In May 2025, delivered the Energy Usage Dashboard in sustainable-computing-io/kepler to visualize node-level power metrics across energy zones and instances, including historical, total, average, and current Watts. Fixed the CI workflow to correctly fetch the head commit from forked PRs, enabling accurate dependency analysis for external contributions. Added tests for the node power metrics dashboard to improve reliability and prevent regressions. These changes enhance data-driven energy optimization capabilities and strengthen external contribution workflows, with measurable improvements in monitoring, quality assurance, and security posture.
November 2024 performance highlights for sustainable-computing-io/kepler-metal-ci. Delivered end-to-end CI/CD improvements across AWS runners, observability, training log management, and CI stability. Implementations included reusable AWS EC2 runner workflows with key-name authentication, Prometheus-based monitoring enhancements, standardized training log naming and dated archival, and CI environment stability fixes.

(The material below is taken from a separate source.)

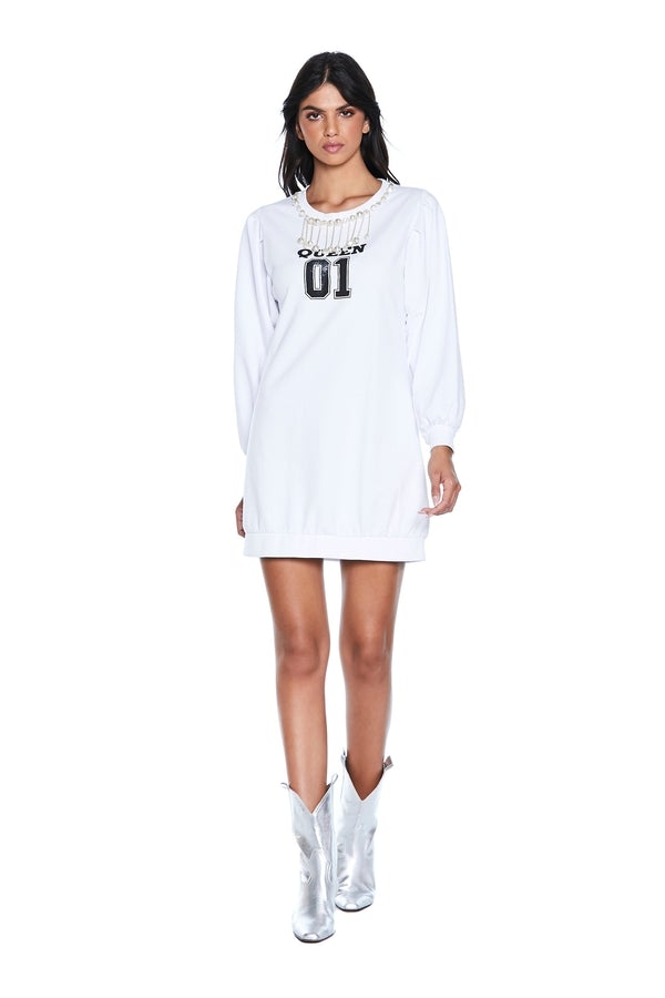 Vestido en tejido algodón felpa con mínimo elastano y detalles en cuello decorativos.

Additionally, AWS-trained model artifacts were reorganized under a dedicated train-validate-e2e-aws path to improve artifact traceability and provider separation.

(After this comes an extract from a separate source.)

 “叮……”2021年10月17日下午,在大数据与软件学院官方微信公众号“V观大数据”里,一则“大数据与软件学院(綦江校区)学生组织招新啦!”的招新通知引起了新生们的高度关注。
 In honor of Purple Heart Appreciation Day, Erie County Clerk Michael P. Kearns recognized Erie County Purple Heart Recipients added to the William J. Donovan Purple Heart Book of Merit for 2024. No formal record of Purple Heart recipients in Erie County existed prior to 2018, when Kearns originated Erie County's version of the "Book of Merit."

November 2024 performance highlights for sustainable-computing-io/kepler-metal-ci. Delivered end-to-end CI/CD improvements across AWS runners, observability, training log management, and CI stability. Implementations included reusable AWS EC2 runner workflows with key-name authentication, Prometheus-based monitoring enhancements, standardized training log naming and dated archival, and CI environment stability fixes. Additionally, AWS-trained model artifacts were reorganized under a dedicated train-validate-e2e-aws path to improve artifact traceability and provider separation.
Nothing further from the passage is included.